*Entries supplied*:
※

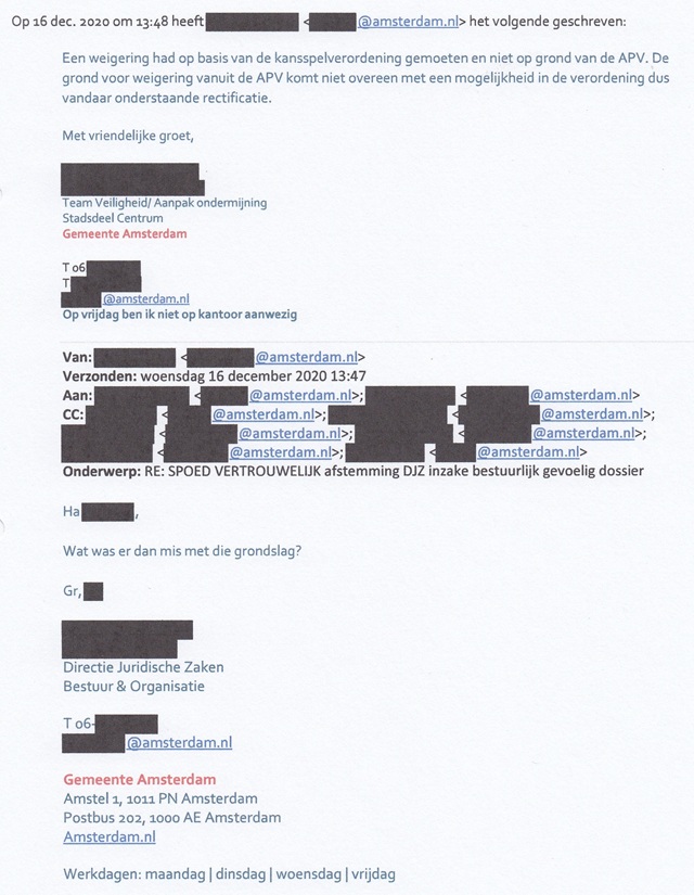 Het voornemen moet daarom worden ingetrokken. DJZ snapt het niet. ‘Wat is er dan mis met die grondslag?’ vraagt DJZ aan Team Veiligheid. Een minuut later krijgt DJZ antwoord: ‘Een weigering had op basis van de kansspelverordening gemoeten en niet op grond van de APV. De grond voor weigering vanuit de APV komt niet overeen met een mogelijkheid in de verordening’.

※

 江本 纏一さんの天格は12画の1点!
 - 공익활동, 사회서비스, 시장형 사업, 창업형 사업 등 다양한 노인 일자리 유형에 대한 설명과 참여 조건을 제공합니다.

※

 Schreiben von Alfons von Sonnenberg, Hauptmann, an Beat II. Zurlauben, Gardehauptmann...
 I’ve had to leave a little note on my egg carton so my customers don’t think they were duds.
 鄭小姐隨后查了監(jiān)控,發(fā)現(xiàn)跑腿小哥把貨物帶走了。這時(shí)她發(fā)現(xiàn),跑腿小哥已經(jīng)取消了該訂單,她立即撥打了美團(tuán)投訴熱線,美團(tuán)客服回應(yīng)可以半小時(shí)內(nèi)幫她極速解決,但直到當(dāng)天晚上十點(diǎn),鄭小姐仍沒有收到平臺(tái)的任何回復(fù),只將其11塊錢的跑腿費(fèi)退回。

※

*What is being asked*:
Output exactly the lines of the material above from the one containing "Schreiben von Alfons" up to and including the one containing "鄭小姐隨后查了監(jiān)".

*Answer for this exercise*:
 Schreiben von Alfons von Sonnenberg, Hauptmann, an Beat II. Zurlauben, Gardehauptmann...
 I’ve had to leave a little note on my egg carton so my customers don’t think they were duds.
 鄭小姐隨后查了監(jiān)控,發(fā)現(xiàn)跑腿小哥把貨物帶走了。這時(shí)她發(fā)現(xiàn),跑腿小哥已經(jīng)取消了該訂單,她立即撥打了美團(tuán)投訴熱線,美團(tuán)客服回應(yīng)可以半小時(shí)內(nèi)幫她極速解決,但直到當(dāng)天晚上十點(diǎn),鄭小姐仍沒有收到平臺(tái)的任何回復(fù),只將其11塊錢的跑腿費(fèi)退回。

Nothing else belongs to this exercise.